5
$\begingroup$

Thanks for reading.

THE QUESTION:

Convince me that when on the surface of a smooth hill, the $(x,y)$ direction I should take a tiny step in such that my current height doesn't change is always perpendicular to the $(x,y)$ direction I should take a tiny step in so that my height changes by the most.


More Mathematically formulated:

Convince me, intuitively, that the direction of steepest ascent is perpendicular to the level-set of a function.

Convince me, intuitively, that if I"m standing on a smooth hill, the direction of steepest ascent is perpendicular to the direction I should move in so that the height doesn't change at all.


Why I'm asking it:

(This section is going to be really long, but just because I want to be helpful to potential responders and explain exactly what I understand and what I don't understand in as much depth as possible. If you read it all, thank you so much!)

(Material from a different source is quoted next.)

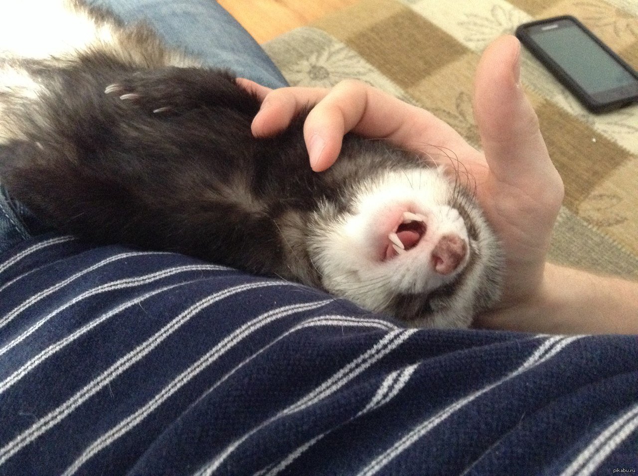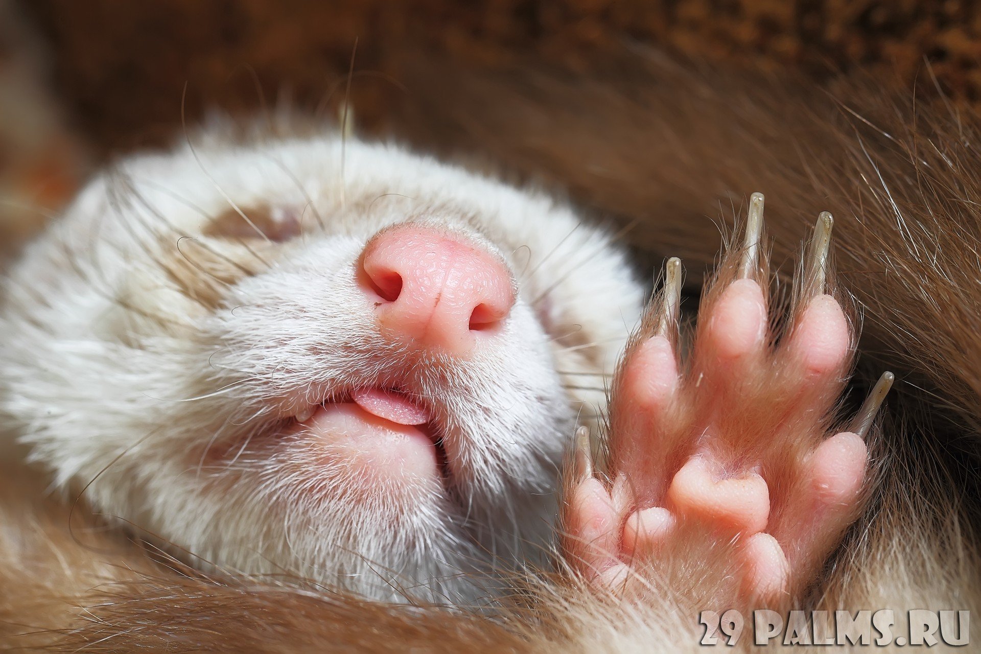 Хорек дрыхнет с высунутым языком

I've always had trouble understanding that the gradient is the direction of steepest ascent.

I've seen some excellent answers on this site, like this one...

Why is gradient the direction of steepest ascent?

...and this one...

Gradient of a function as the direction of steepest ascent/descent

...and honestly, most answers seem to answer in the same way: by proving that the dot product of a vector of fixed length with the gradient, which by definition is the change in the function at that point, is maximum when the vector of fixed length (the step) points in direction of the gradient.

That answer is fine...but I've always had a little bit of trouble understanding it.

That's because although the phrase "...take the step that points in the direction of the gradient to maximize the dot product between the step's direction and the gradient..." is mathematically sound, the idea of "the direction" of the gradient isn't something I"m really comfortable with, since I view the gradient as an operator on a vector $\begin{bmatrix} dx\\ dy \end{bmatrix}$ that outputs by how much some $f(x,y)$ would change at some specific $(x,y)$ if we took that "step". It's hard for me to think of the gradient as a vector itself.


So yea, I've never really truly understood the "direction of steepest ascent" of a function.

However, something I DO understand is the level-sets of a function. These are all the $(x,y)$ points such that some $f(x,y)$ stays constant.

For example, if $f(x,y)=x+2y$, then $(x+2y)=1$ would be a level-set.

enter image description here

In the picture above, the red plane is $z=f(x,y)$, and the green plane is $(x+2y)=1$. As you can see, the intersection of the two planes is flat, indicating that $f(x,y)$ is constant for all $(x,y)$ such that $(x+2y)=1$.

Now, say I was standing on that intersection, where $z=1$, and I wanted to know which $(x,y)$ direction to take a step in so that I didn't move up or down the mountain?

I would need to move in a $(x,y)$ direction such that $(x+2y)$ stayed constant.

Say I take a tiny step in some arbitrary direction. That step will have an $x$ component and a $y$ component.

We can represent that tiny step as a vector: $\begin{bmatrix} dx\\ dy \end{bmatrix}$.

For whatever tiny amount $dx$ that step corresponds to in the $x$ direction, $f(x,y)$ (my height) will change by $dx$, since at that $(x,y,f(x,y))$ point I'm standing on on that smooth mountain, $\frac{\partial f}{\partial x}=1$.

On the other hand, for whatever tiny amount $dy$ that step corresponds to in the $y$ direction, $f(x,y)$ (my height) will change by $2dy$, since at that $(x,y,f(x,y))$ point I'm standing on on that smooth mountain, $\frac{\partial f}{\partial y}=2$.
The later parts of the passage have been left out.